Iterator over all partitions into k groups?

This works, although it is probably super inneficient (I sort them all to avoid double-counting):

def clusters(l, K):
    if l:
        prev = None
        for t in clusters(l[1:], K):
            tup = sorted(t)
            if tup != prev:
                prev = tup
                for i in xrange(K):
                    yield tup[:i] + [[l[0]] + tup[i],] + tup[i+1:]
    else:
        yield [[] for _ in xrange(K)]

It also returns empty clusters, so you would probably want to wrap this in order to get only the non-empty ones:

def neclusters(l, K):
    for c in clusters(l, K):
        if all(x for x in c): yield c

Counting just to check:

def kamongn(n, k):
    res = 1
    for x in xrange(n-k, n):
        res *= x + 1
    for x in xrange(k):
        res /= x + 1
    return res

def Stirling(n, k):
    res = 0
    for j in xrange(k + 1):
        res += (-1)**(k-j) * kamongn(k, j) * j ** n
    for x in xrange(k):
        res /= x + 1
    return res

>>> sum(1 for _ in neclusters([2,3,5,7,11,13], K=3)) == Stirling(len([2,3,5,7,11,13]), k=3)
True

It works !

The output:

>>> clust = neclusters([2,3,5,7,11,13], K=3)
>>> [clust.next() for _ in xrange(5)]
[[[2, 3, 5, 7], [11], [13]], [[3, 5, 7], [2, 11], [13]], [[3, 5, 7], [11], [2, 13]], [[2, 3, 11], [5, 7], [13]], [[3, 11], [2, 5, 7], [13]]]
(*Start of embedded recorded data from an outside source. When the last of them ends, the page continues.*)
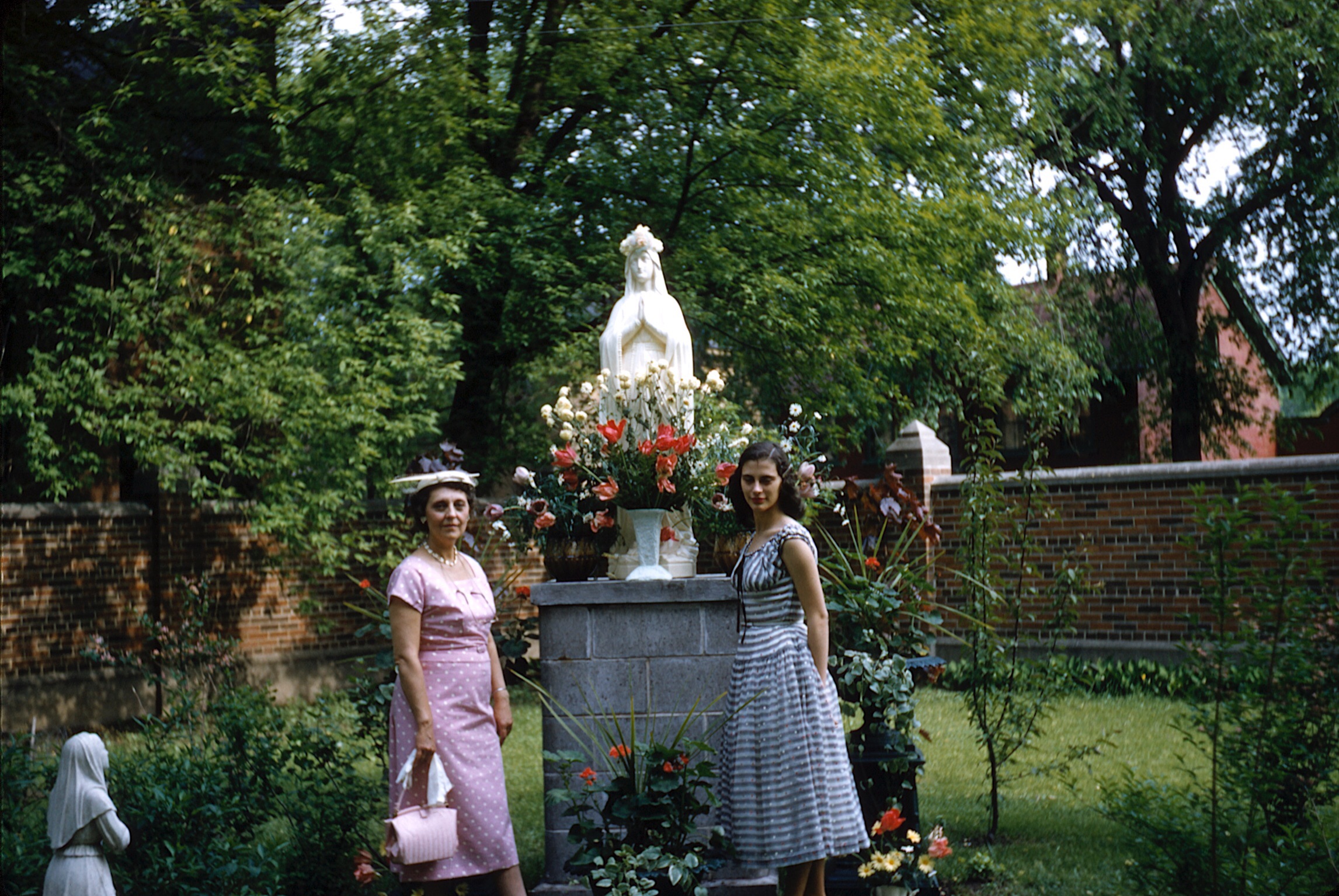 Ruby Hanneman and daughter Lavonne before a statue of the Blessed Virgin Mary on the campus of Viterbo College.
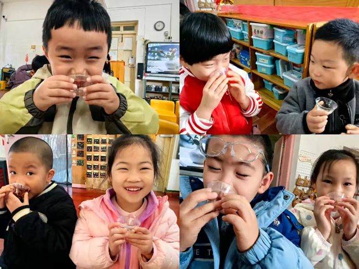 最让孩子们兴奋的环节莫过于泡茶、品茶环节。孩子们观察茶叶在水中舒展的变化,闻着袅袅升起的茶香,品尝第一口清茶。尽管只是浅浅一口,孩子们却兴奋地交流着自己的感受:好香呀!”“有点苦,但是好喝!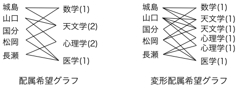 - これらの条件のもとで、希望先に配属される学生の数が最大となるように、学生の配属先をひとつずつ決める。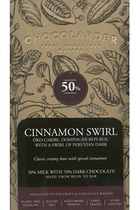 Chocolarder, Cinnamon Swirl, 50% Milk, 70% Dark Chocolate Bar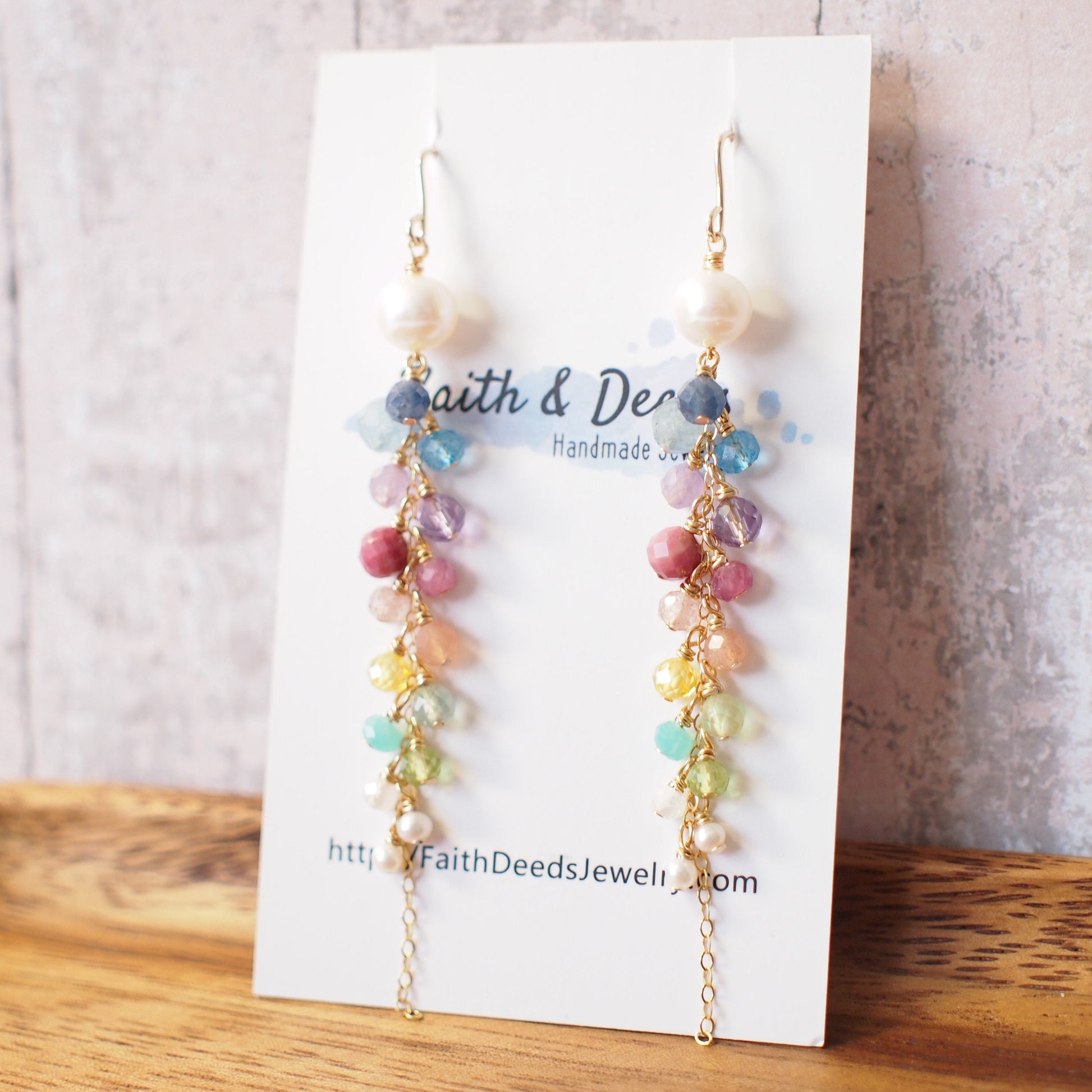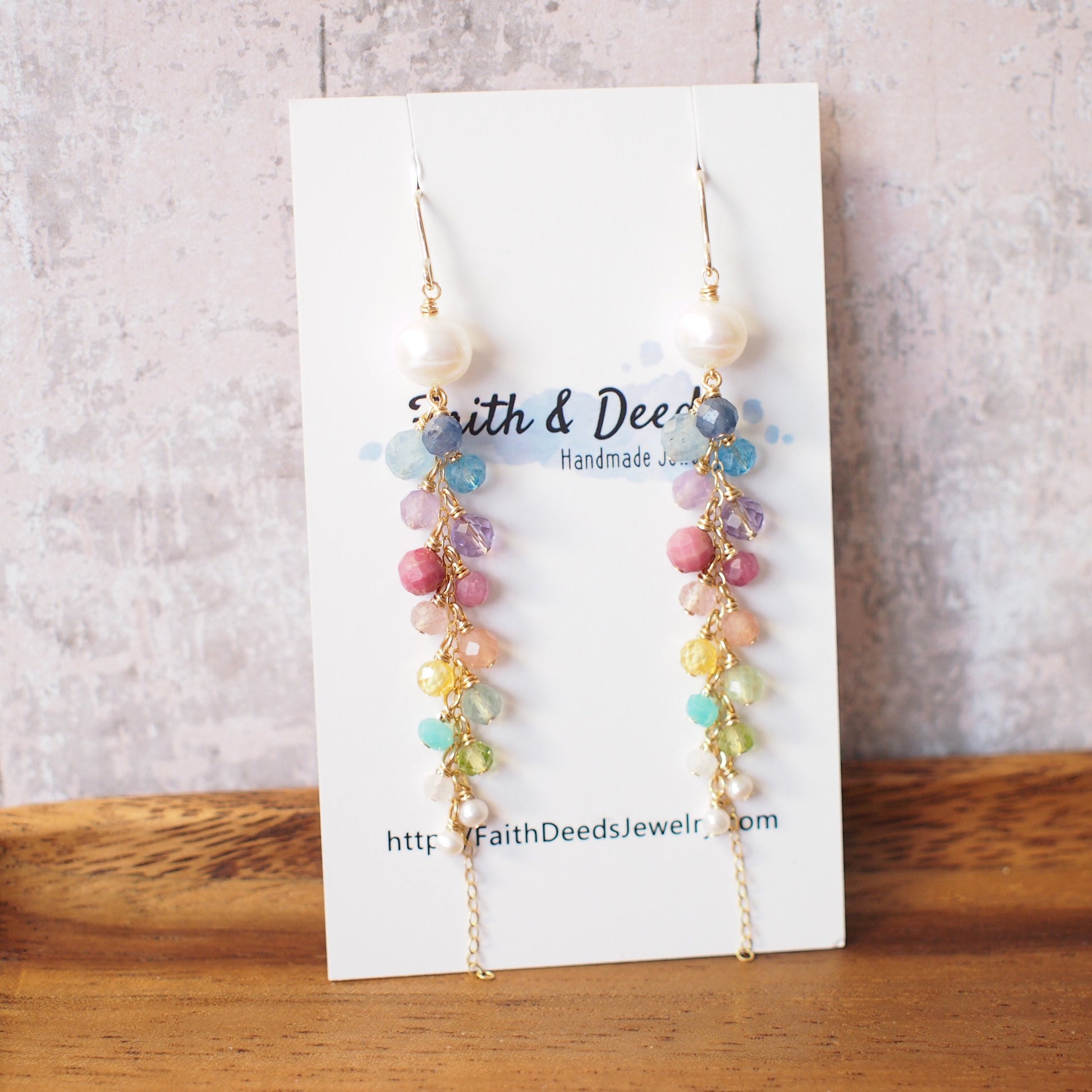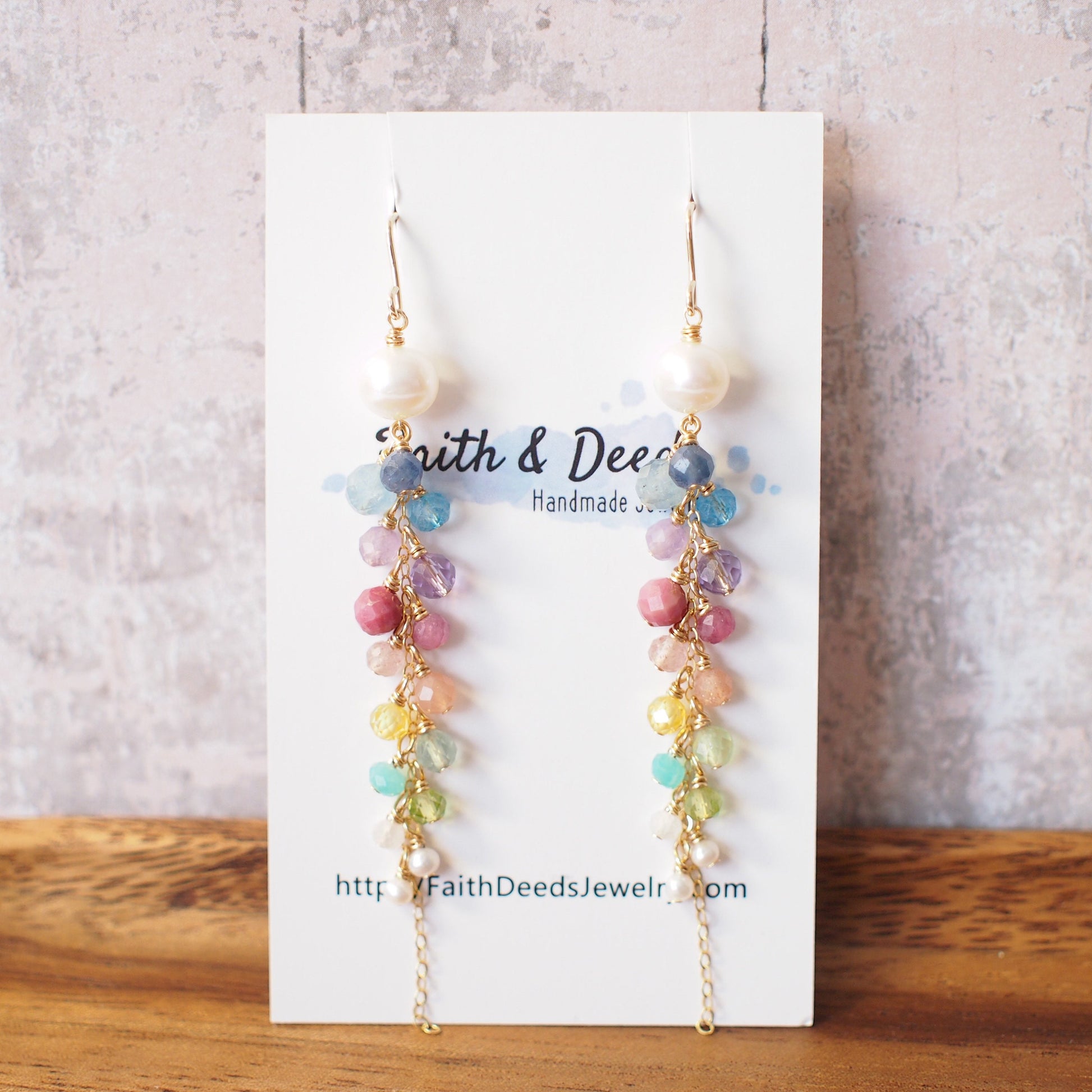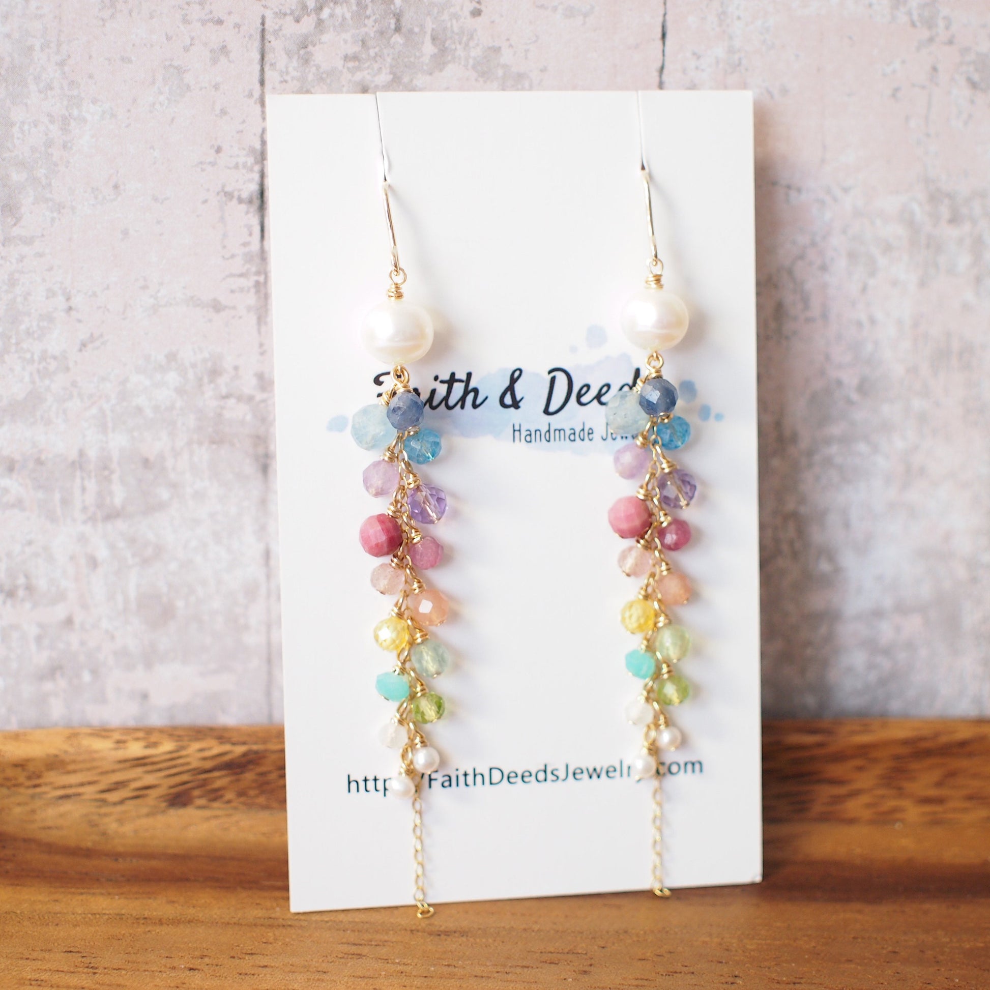 Rainbow Gems x Pearls Dangling Earrings // Sparkly & Precious // 14K Gold-filled // Feminine and Unique

A simple alternative view of this problem is the assignment of one of the three cluster labels to each element.

import itertools
def neclusters(l, k):
    for labels in itertools.product(range(k), repeat=len(l)):
        partition = [[] for i in range(k)]
        for i, label in enumerate(labels):
            partition[label].append(l[i])
        yield partition

as with @val's answer, this can be wrapped to remove partitions with empty clusters.